Senate Republicans have blocked consideration of legislation that would have required organizations that spend money on elections to disclose the identities of donors contributing $10,000 or more.
On Thursday, the Disclose Act, had a 49-all vote, with Democrats voting "yes" and every on-site Republican voting "no." As such, the legislation didn't invoke cloture.
The two senators reportedly missing from Thursday's vote were Tammy Baldwin, D-Wis., and Mike Crapo, R-Idaho.
The legislation apparently aims to halt the notion of "dark money" in politics.
In a nutshell, dark money refers to political contributions from donors whose identities are not disclosed and that are typically used to influence elections. Super PACs are legally permitted to receive and spend these "independent expenditures," which have no cap on the contribution amounts.
Senate Majority Leader Chuck Schumer, D-N.Y., reportedly brought the bill to the floor, as a means of calling attention to the Senate Leadership Fund, a Super PAC linked to Senate Minority Leader Mitch McConnell, R-Ky.
Prior to the vote, Schumer said: "Republicans today must face the music. Either vote to bring transparency and fairness back to our elections as the vast majority of Americans want, or block this measure and cast their lot with the forces of dark money."
And after the vote failed to advance, McConnell dismissed the bill as a "liberal pet priority" that would give "unelected federal bureaucrats vastly more power over private citizens' First Amendment rights and political activism."
Also, McConnell criticized Democrats for rushing Thursday's vote, instead of crafting legislation to curb inflation or address other economic problems.

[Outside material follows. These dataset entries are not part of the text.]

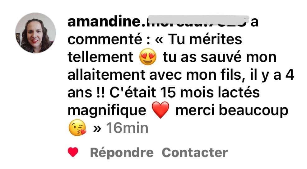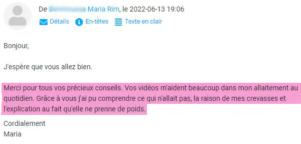 "Merci pour tout je pense sincèrement que vous avez sauvé mon allaitement"
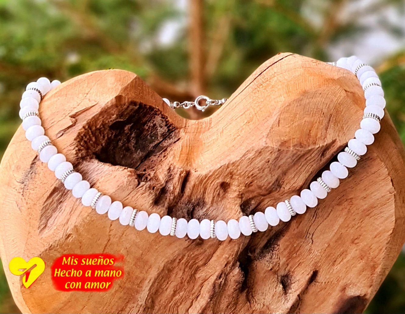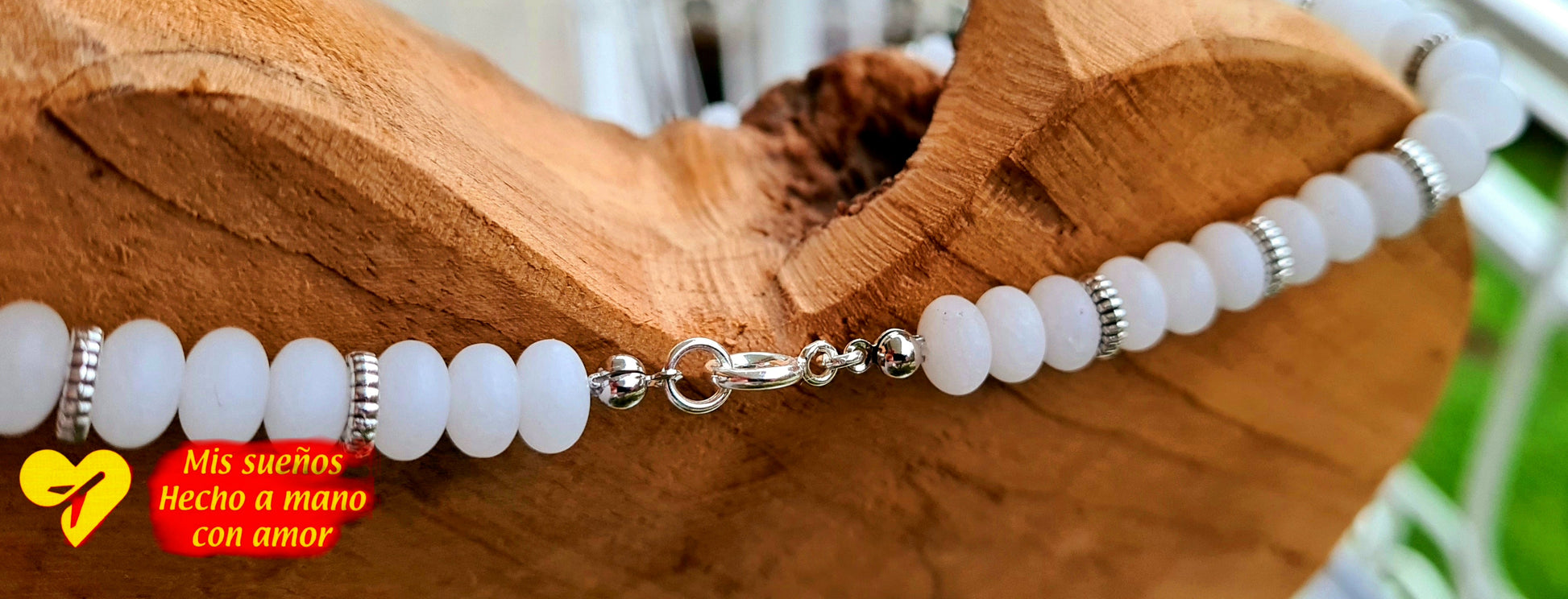 Diese elegante Rundhalskette ist mit wunderschönen matten Naturstein-Perlen aus Schneequarz auch Milchquarz genannt (5x8mm) besetzt. Geziert wird diese schicke Kette von silbernen Spacern aus Metall (Zamak). Die Maße sind hier ca. 42cm, der Preis kann je nach Größenanfrage variieren. Die Perlen sind auf hochwertige Perlseide aufgefädelt und mit einem hochwertiger Karabiner-Verschluss 925 Silber versehen.
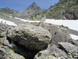 槍ヶ岳山荘から1時間下りた所に、播隆上人が4回目に登った時に 53日間篭って念仏を
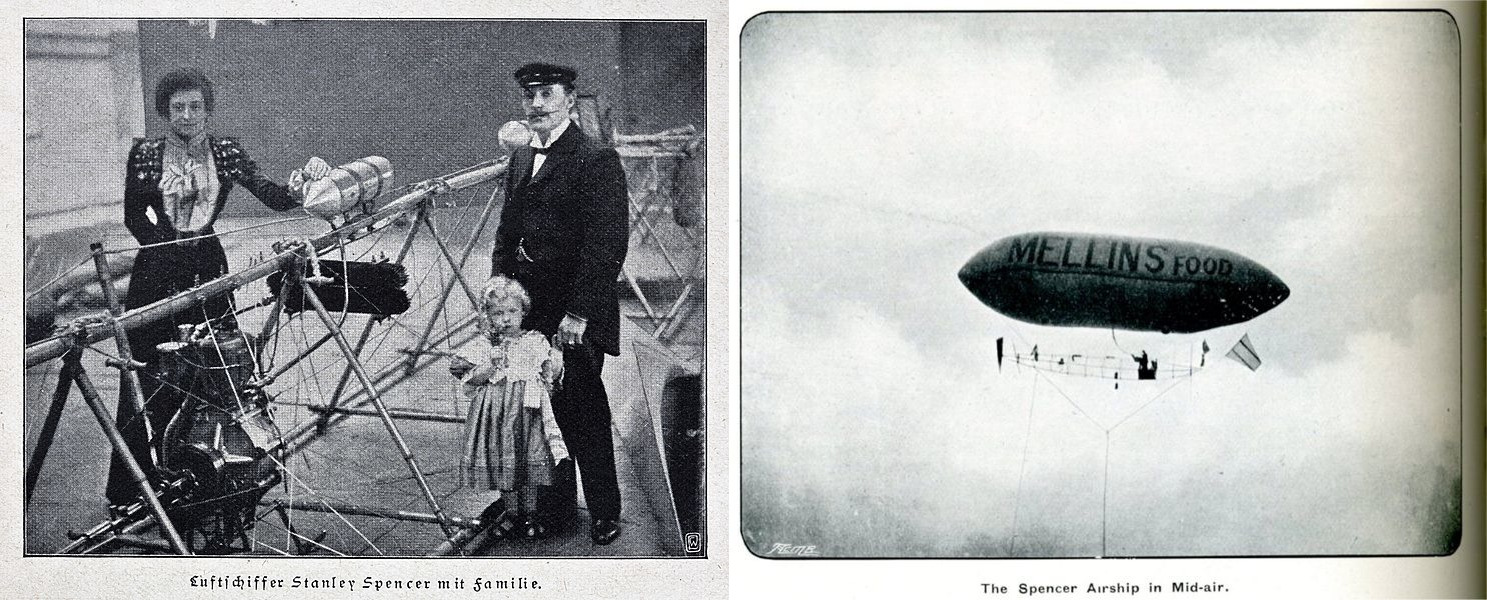 Стенли Спенсер и его первый британский дирижабль с рекламой детского питания.

Sen. Sheldon Whitehouse, D-R.I., has been calling for the elimination of dark money groups since 2010, when the Supreme Court enabled corporations and outside special-interest groups to submit unlimited donation amounts for federal elections.
In a release distributed prior to the vote, Whitehouse, who sponsored the legislation, noted that political spending by billionaires had increased from $17 million in the 2008 election to $1.2 billion in 2020.
"Even Leader McConnell used to support disclosure ... then he did a 180-degree about-face," said Schumer, who then recalled a McConnell statement from 1997 that financial disclosures were "the best disinfectant."